لَا إِكْرَاهَ فِي الدِّينِ ۖ قَد تَّبَيَّنَ الرُّشْدُ مِنَ الْغَيِّ ۚ فَمَن يَكْفُرْ بِالطَّاغُوتِ وَيُؤْمِن بِاللَّهِ فَقَدِ اسْتَمْسَكَ بِالْعُرْوَةِ الْوُثْقَىٰ لَا انفِصَامَ لَهَا ۗ وَاللَّهُ سَمِيعٌ عَلِيمٌ
Terjemahan dan Tafsir Mendalam: Tidak ada paksaan untuk memasuki agama Islam; sesungguhnya telah jelas jalan yang benar daripada jalan yang sesat. Karena itu barangsiapa yang ingkar kepada Thaghut dan beriman kepada Allah, maka sesungguhnya ia telah berpegang kepada buhul tali yang amat kuat yang tidak akan putus. Dan Allah Maha Mendengar lagi Maha Mengetahui. (QS. Al-Baqarah: 256). Penjelasan mufassir mengenai al-urwatul wutsqa (tali yang sangat kuat) merujuk pada kalimat La ilaha illallah. Syarat utama untuk meraih kekuatan tauhid ini adalah kufr bit-thaghut. Di era kontemporer, thaghut bisa dimaknai sebagai segala sesuatu yang melampaui batas dan memalingkan manusia dari ketaatan kepada Allah, termasuk ideologi sekularisme radikal, konsumerisme akut, dan pemujaan terhadap ego (hawa nafsu). Tanpa menolak thaghut-thaghut modern ini, iman seseorang tidak akan mencapai derajat kemurnian yang kokoh.
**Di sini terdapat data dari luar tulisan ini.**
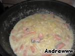 Через 5 минут выкладываем сваренные макароны в сковороду и томим 10 минут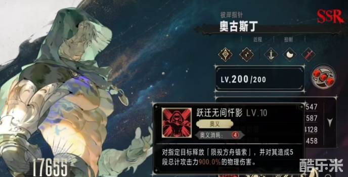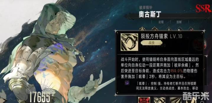 战技叫做陨殁方舟锚锁,这个技能在战斗一开始,角色会向战场直线最远单位释放幽冥锚链,将目标强制拖拽至身前并附加两层彼岸残痕,随后以鬼魅般的身法突进造成150%物理伤害,配合2秒强控眩晕,这套连招不仅具备优秀的先手控制能力,更能通过印记叠加为后续输出铺路,在基础属性层面,作为SSR品阶的角色,奥古斯丁的成长曲线呈现后发优势。

أَلَمْ تَرَ كَيْفَ ضَرَبَ اللَّهُ مَثَلًا كَلِمَةً طَيِّبَةً كَشَجَرَةٍ طَيِّبَةٍ أَصْلُهَا ثَابِتٌ وَفَرْعُهَا فِي السَّمَاءِ تُؤْتِي أُكُلَهَا كُلَّ حِينٍ بِإِذْنِ رَبِّهَا ۗ وَيَضْرِبُ اللَّهُ الْأَمْثَالَ لِلنَّاسِ لَعَلَّهُمْ يَتَذَكَّرُونَ
Terjemahan dan Tafsir Mendalam: Tidakkah kamu perhatikan bagaimana Allah telah membuat perumpamaan kalimat yang baik seperti pohon yang baik, akarnya teguh dan cabangnya menjulang ke langit, pohon itu memberikan buahnya pada setiap musim dengan seizin Tuhannya. Allah membuat perumpamaan-perumpamaan itu untuk manusia supaya mereka selalu ingat. (QS. Ibrahim: 24-25). Kalimat thayyibah dalam ayat ini adalah kalimat Tauhid. Analogi pohon memberikan pelajaran bahwa Tauhid yang benar harus memiliki akar yang menghujam dalam di sanubari (tasdiq), batang yang kokoh dalam identitas, dan cabang yang menghasilkan buah berupa akhlak mulia serta kontribusi positif bagi kemanusiaan. Di tengah badai disrupsi, hanya jiwa yang berakar pada Tauhid yang tidak akan tumbang oleh krisis identitas atau tekanan mental, karena ia memiliki sandaran transendental yang tidak terbatas.